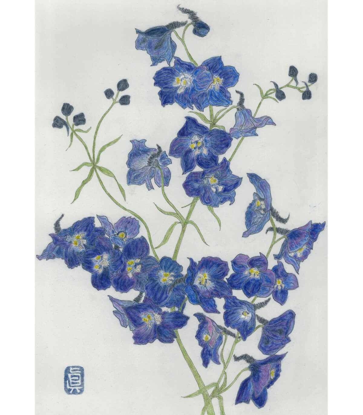 Dessin Botanique - Delphinium Bleu 2025
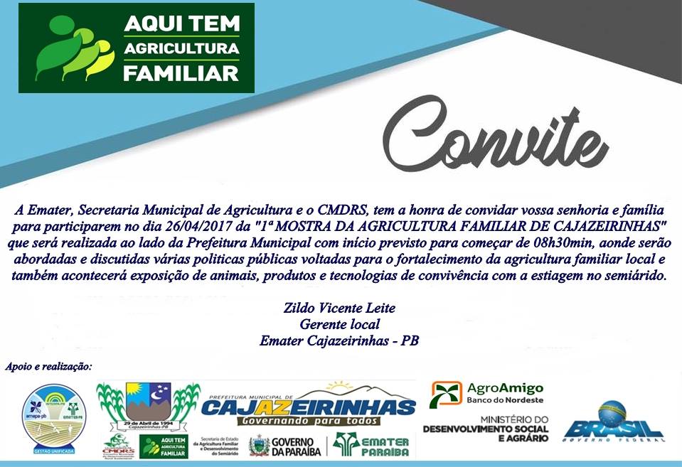 Acontece amanhã (quarta-feira, 26/04) a I Mostra de Agricultura Familiar de Cajazeirinhas, que será realizada ao lado da Prefeitura, com início previsto para 8:30 minutos, onde serão discutidas várias políticas públicas voltadas para o fortalecimento da agricultura familiar local e também acontecerá exposição de animais, produtos e tecnologias de convivência com a estiagem no semiárido.
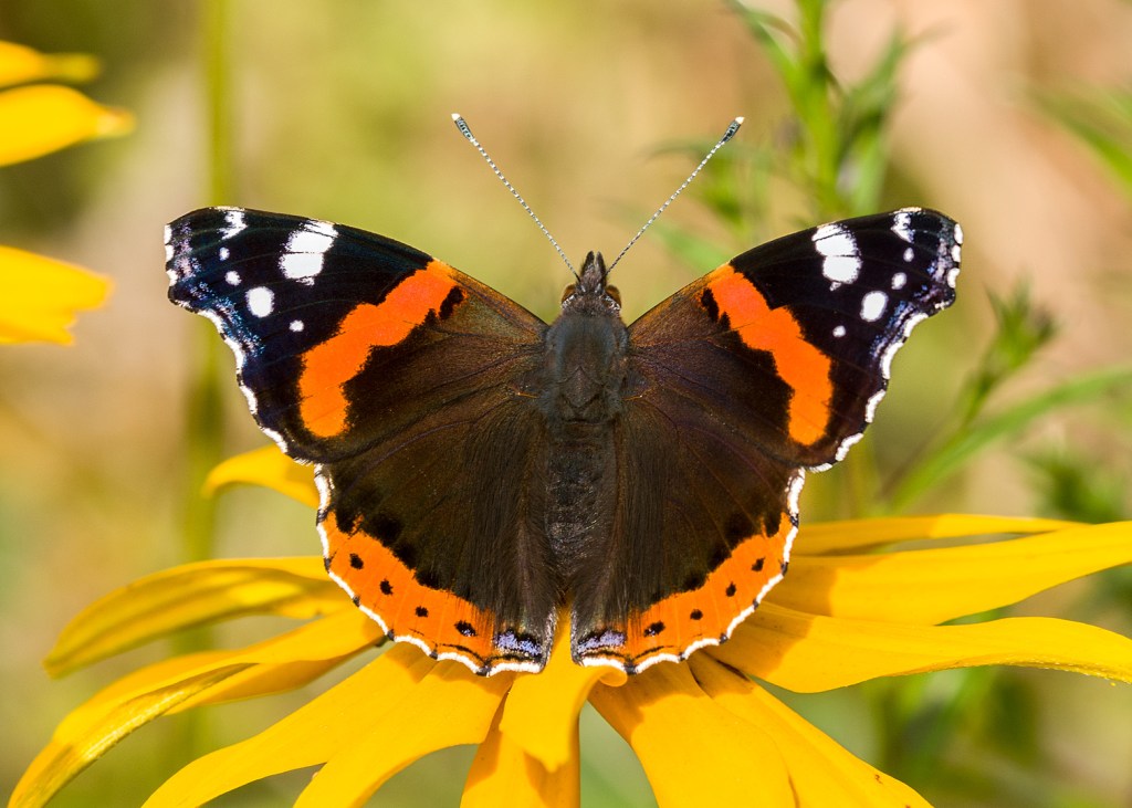 That’s a Dark Green Fritillary – I know it’s orange but there’s dark green on the underside. I really like that image with it’s diagonal line of symmetry. But if I straighten the image up like with the Red Admiral below, does it increase the impact?
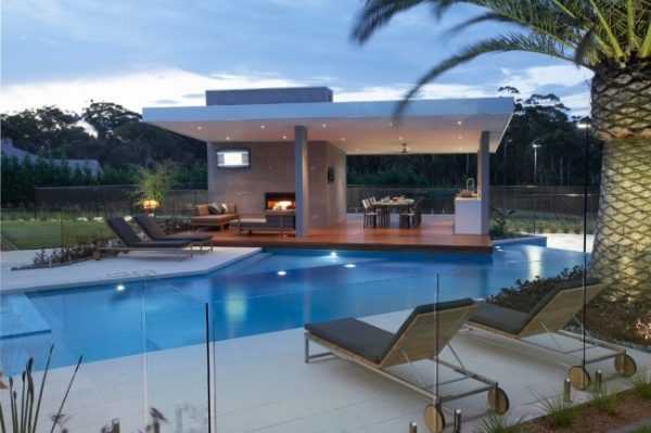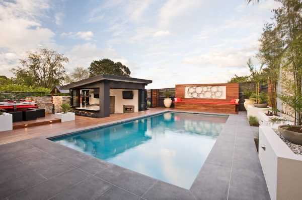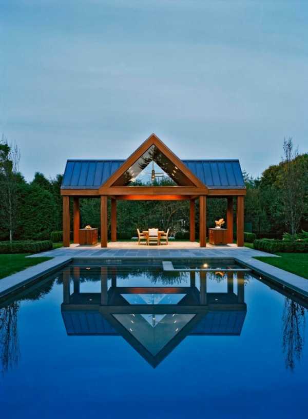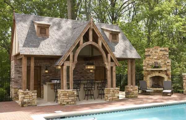 Стиль оформления открытой постройки будет диктовать ландшафтный дизайн. Если на территории есть бассейн или другой водоем, лучше разместить зону отдыха с мангалом неподалеку или вписать ее в общий ансамбль.

## ASSIGNMENT
Reproduce the material exactly; omit the pictures.

## PROBLEM SOLUTION
 Dessin Botanique - Delphinium Bleu 2025
 Acontece amanhã (quarta-feira, 26/04) a I Mostra de Agricultura Familiar de Cajazeirinhas, que será realizada ao lado da Prefeitura, com início previsto para 8:30 minutos, onde serão discutidas várias políticas públicas voltadas para o fortalecimento da agricultura familiar local e também acontecerá exposição de animais, produtos e tecnologias de convivência com a estiagem no semiárido.
 That’s a Dark Green Fritillary – I know it’s orange but there’s dark green on the underside. I really like that image with it’s diagonal line of symmetry. But if I straighten the image up like with the Red Admiral below, does it increase the impact?
 Стиль оформления открытой постройки будет диктовать ландшафтный дизайн. Если на территории есть бассейн или другой водоем, лучше разместить зону отдыха с мангалом неподалеку или вписать ее в общий ансамбль.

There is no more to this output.